Analyzing XML Sitemaps and URLs with advertools (a Python package)

This is quick overview and example usage of two functions that can help in an SEO, or website content analysis process.

We will go through two functions:

sitemap_to_df: As the name suggests, it converts XML sitemaps to data frames. It retreives all available tags, and also works recursively with sitemap index files.
url_to_df: Once the sitemap is downloaded, you might be interested in exploring the URLs further. This function splits URLs into their components, and allows you to analyze them more easily, and check whatever makes sense to you.

The functions are independent and don’t need to be used together.

Please check the reticulate package documentation on how to use Python in R. There is not much setup beyond ensuring that you have Python installed, and specifying its path or environment. You can easily install advertools by running the following from the command line

pip install advertools

# OR:

pip3 install advertools

Let’s start by exploring the cooking sitemaps of the New York Times.

library(reticulate)
library(tidyverse)

## ── Attaching packages ─────────────────────────────────────── tidyverse 1.3.0 ──

## ✓ ggplot2 3.3.3     ✓ purrr   0.3.4
## ✓ tibble  3.0.6     ✓ dplyr   1.0.3
## ✓ tidyr   1.1.2     ✓ stringr 1.4.0
## ✓ readr   1.4.0     ✓ forcats 0.5.1

## ── Conflicts ────────────────────────────────────────── tidyverse_conflicts() ──
## x dplyr::filter() masks stats::filter()
## x dplyr::lag()    masks stats::lag()

library(lubridate)

## 
## Attaching package: 'lubridate'

## The following objects are masked from 'package:base':
## 
##     date, intersect, setdiff, union

library(stringr)


adv <- import("advertools")

Convert an XML sitemap to a data.frame:

You can provide a normal sitemap URL, a sitemap index URL, and it can be zipped or not. If you provide a sitemap index, the function will recursively retrieve all the sitemaps it points to. In all cases, you simply provide the URL of the sitemap*.
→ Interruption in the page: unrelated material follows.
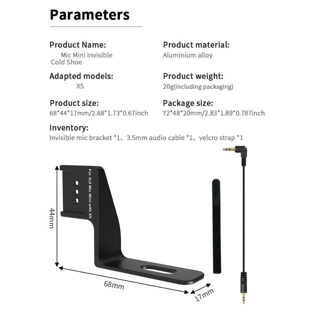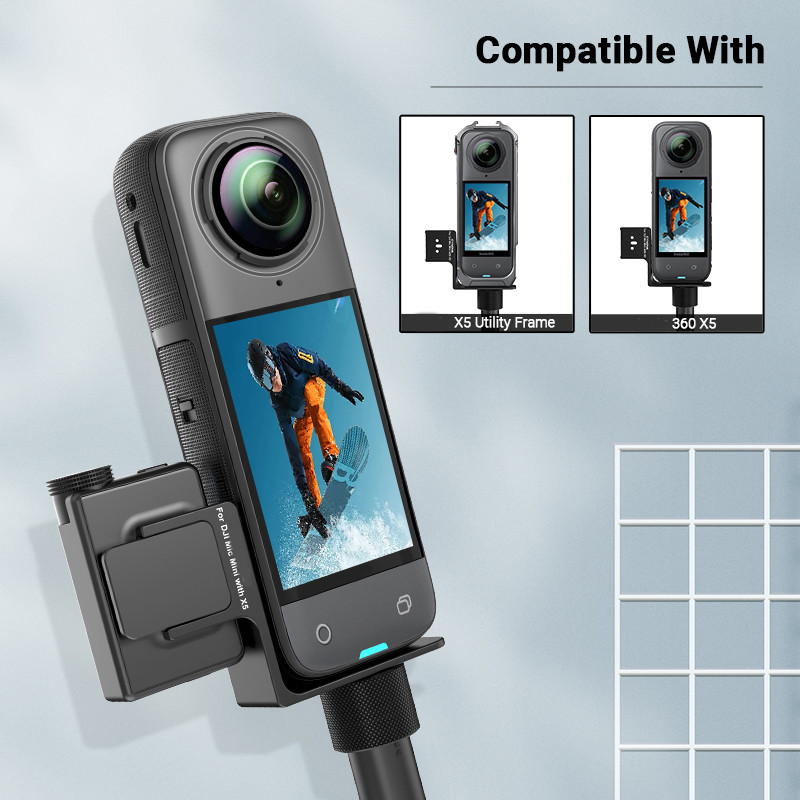 Cold Shoe for Insta360 X5 Mic Mini Accessories, Invisible Mic Bracket for Insta 360 X5 Mount Bracket External Microphone Holder with Audio Cable
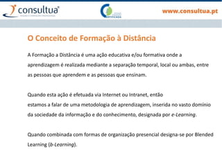O documento discute o conceito de formação a distância e e-learning. Especificamente, define formação a distância como aprendizagem mediada pela separação entre professores e alunos no tempo ou espaço. E-learning refere-se a aprendizagem mediada pela internet ou intranet. O documento também discute características e dimensões de sistemas de e-learning, incluindo a dimensão individual, organizacional e tecnológica.

nyt_cooking <- "https://www.nytimes.com/sitemaps/new/cooking.xml.gz"
cooking_sitemap <- adv$sitemap_to_df(nyt_cooking)

names(cooking_sitemap)

## [1] "loc"           "lastmod"       "sitemap"       "download_date"

loc: The location of the URL in the sitemap. This is a required tag.
lastmod: If accurate, provides great insights on the publishing trends and activity of the website.
sitemap: This shows which sitemap the URL on this row has been extracted from.
download_date: The date when the sitemap has been downloaded (by you). This can be helpful if you download the same sitemap(s) multiple times, and want to compare changes, if any.

cooking_sitemap

Extract months and weekday names

Assuming (or, to check if) lastmod is accurate, we can get a view of how often/frequently the website publishes new pages. We can extract the years, months, and weekday names as follows:

cooking_sitemap$year_month <- cooking_sitemap$lastmod %>% 
  ymd_hms %>% 
  strftime("%Y-%m")

cooking_sitemap$weekday <- cooking_sitemap$lastmod %>% 
  ymd_hms %>% 
  weekdays()

cooking_sitemap %>% 
  select(lastmod, year_month, weekday) %>% 
  sample_n(10)

Now we can use the year_month column to count how many articles they modified in each of the available months:

cooking_sitemap %>% 
  group_by(year_month) %>% 
  count()

Pretty much all URLs were modified in September 2020.
This can mean two things. Either the lastmod tag is not accurate at all, and not very helpful. Or, they might have actually made a change to all pages, and they were truly last modified in that month. It could be a tag added or some other change to all pages.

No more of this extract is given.